Recorded data
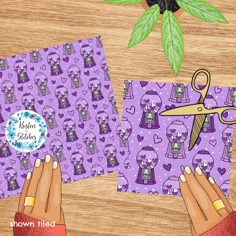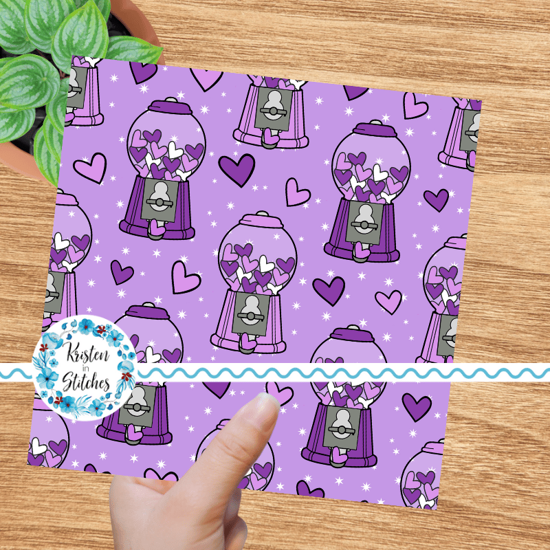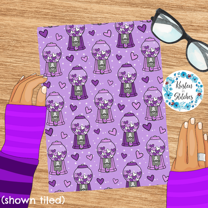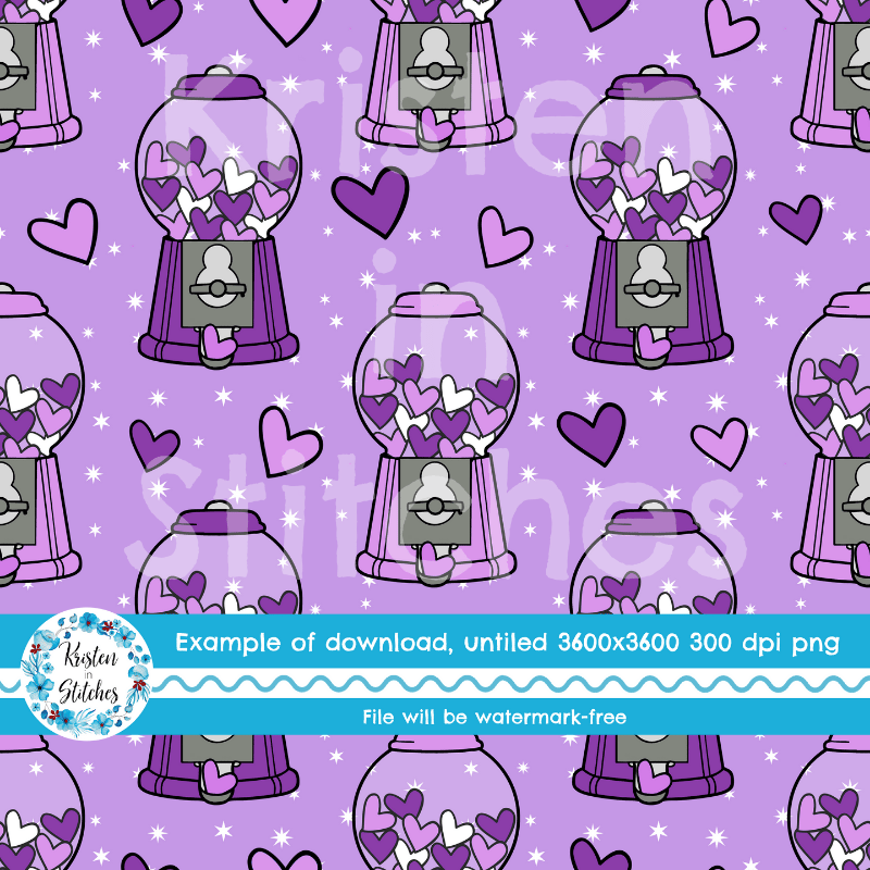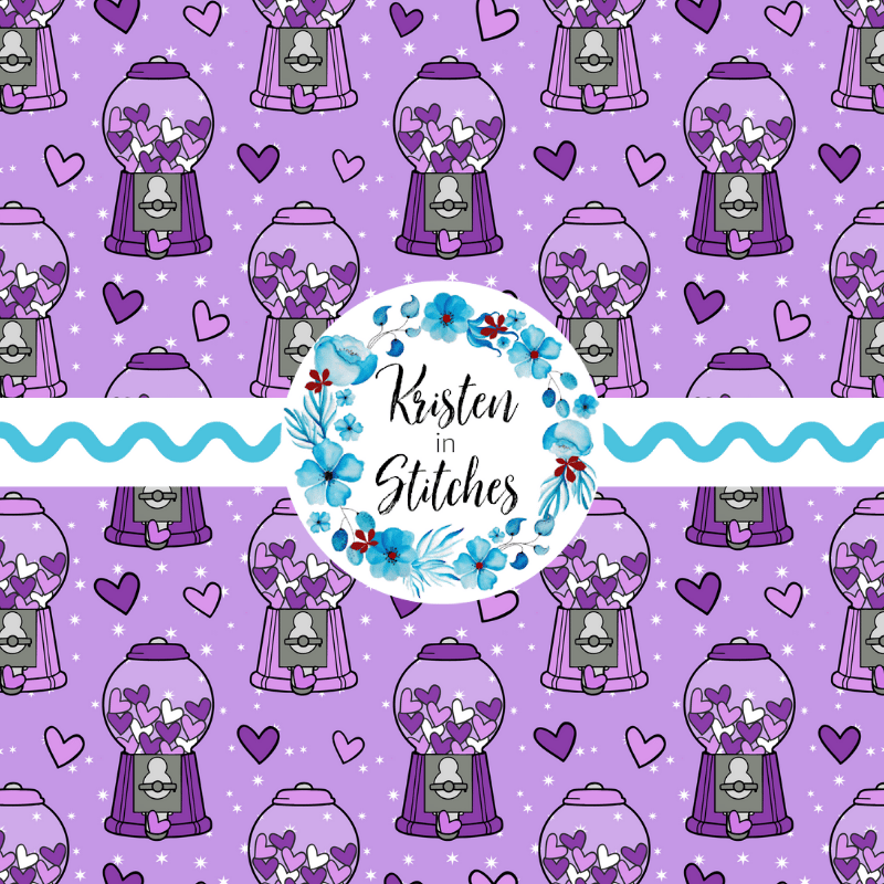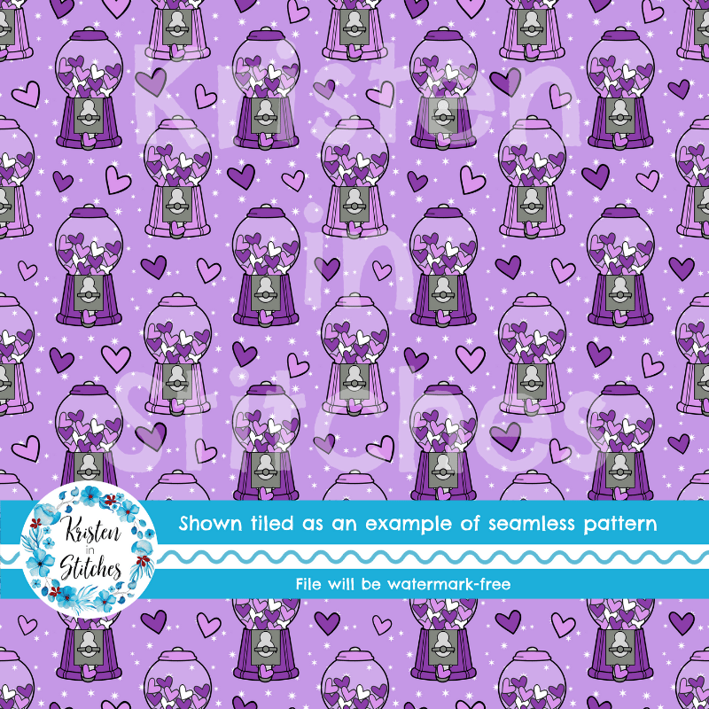 Valentine Hearts Bubblegum Machines Seamless Pattern, Purple
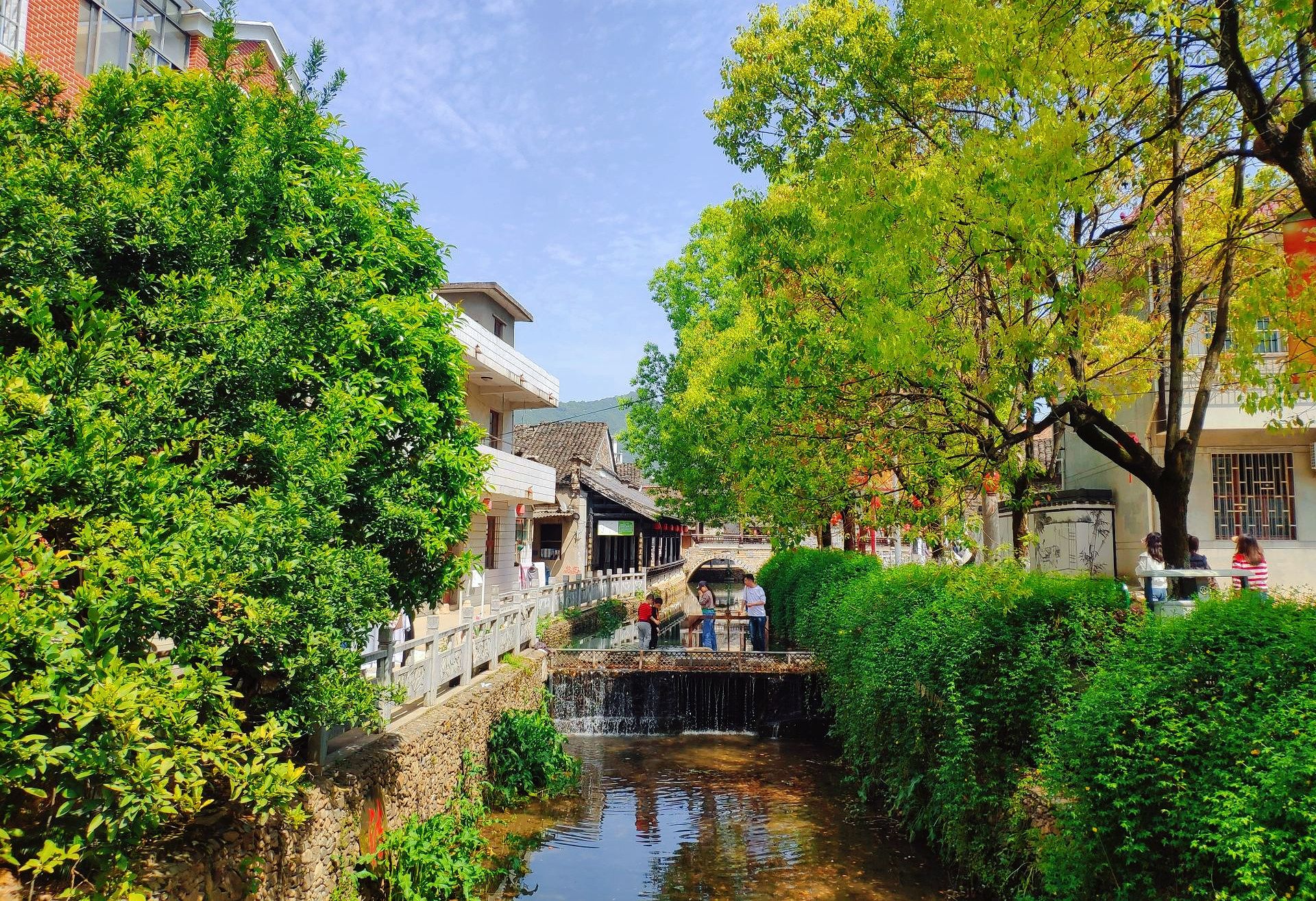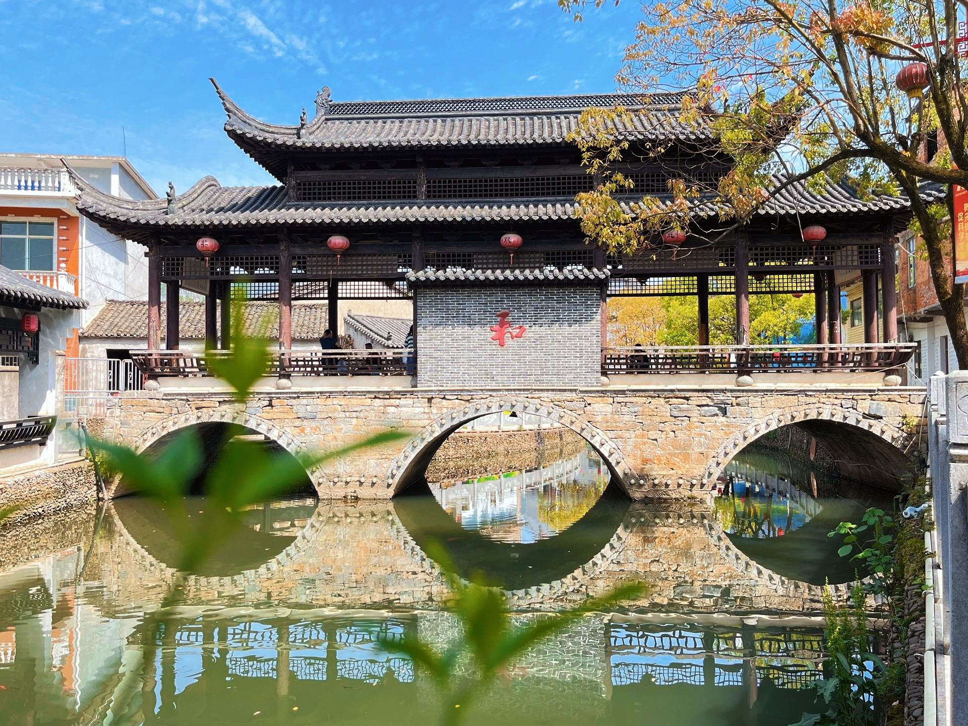两岸的樟树与垂柳褪去了浓绿,叶片染上浅黄,微风拂过,细碎的落叶簌簌飘落在水面上,顺着溪流缓缓流淌。赣派民居鳞次栉比地依偎在河岸两侧,青砖白墙在晴空下格外清丽;马头墙翘角飞檐,倒映在水中,构成一幅“小桥流水人家”的绝美画卷,让人恍惚间误入了江南秘境。
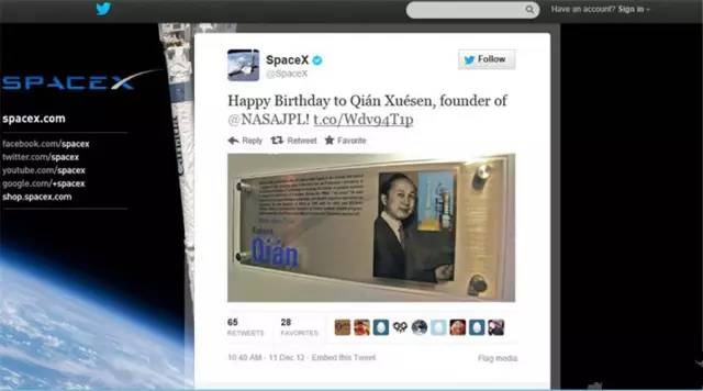 SpaceX官方推特发布推文纪念钱学森生日:“生日快乐!NASAJPL的创始人——钱学森。”
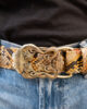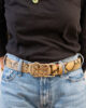 La ceinture Ginkgo Claris Virot en python œil de tigre s’accompagne d’une boucle en forme de feuille, symbole de renaissance et d’équilibre. Un accessoire élégant, parfait pour sublimer une tenue quotidienne ou souligner une taille marquée.
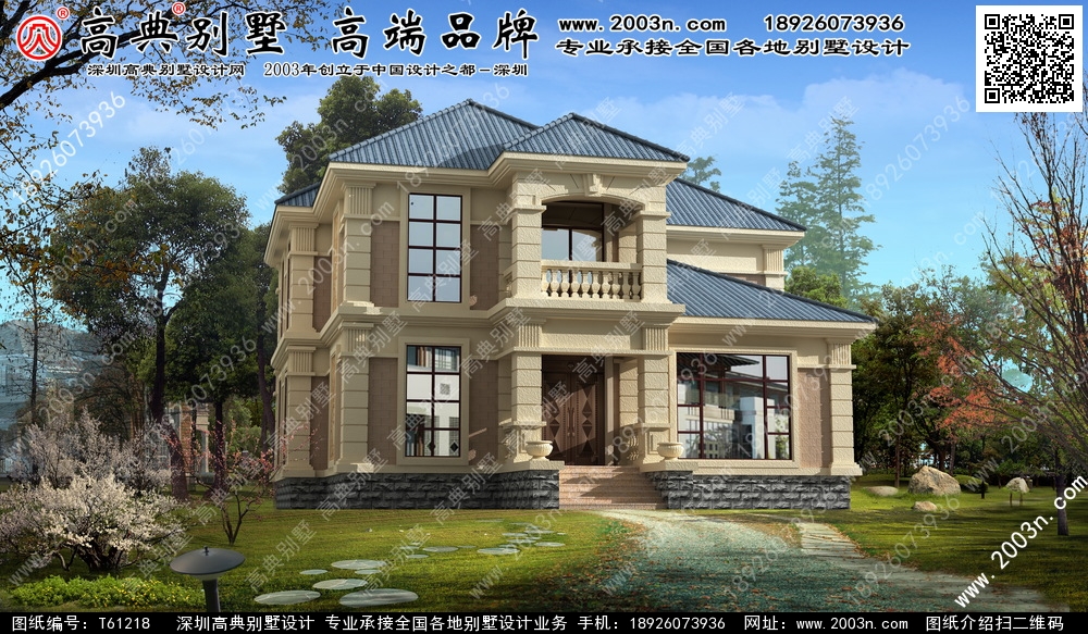 t61218号别墅外墙主要材料:外墙涂料、GRC水泥构件、西瓦、墙裙蘑菇面麻石

> To do: The answer must be an exact restatement of all the records, with no pictures included.

> Response area:
 Valentine Hearts Bubblegum Machines Seamless Pattern, Purple
两岸的樟树与垂柳褪去了浓绿,叶片染上浅黄,微风拂过,细碎的落叶簌簌飘落在水面上,顺着溪流缓缓流淌。赣派民居鳞次栉比地依偎在河岸两侧,青砖白墙在晴空下格外清丽;马头墙翘角飞檐,倒映在水中,构成一幅“小桥流水人家”的绝美画卷,让人恍惚间误入了江南秘境。
 SpaceX官方推特发布推文纪念钱学森生日:“生日快乐!NASAJPL的创始人——钱学森。”
 La ceinture Ginkgo Claris Virot en python œil de tigre s’accompagne d’une boucle en forme de feuille, symbole de renaissance et d’équilibre. Un accessoire élégant, parfait pour sublimer une tenue quotidienne ou souligner une taille marquée.
 t61218号别墅外墙主要材料:外墙涂料、GRC水泥构件、西瓦、墙裙蘑菇面麻石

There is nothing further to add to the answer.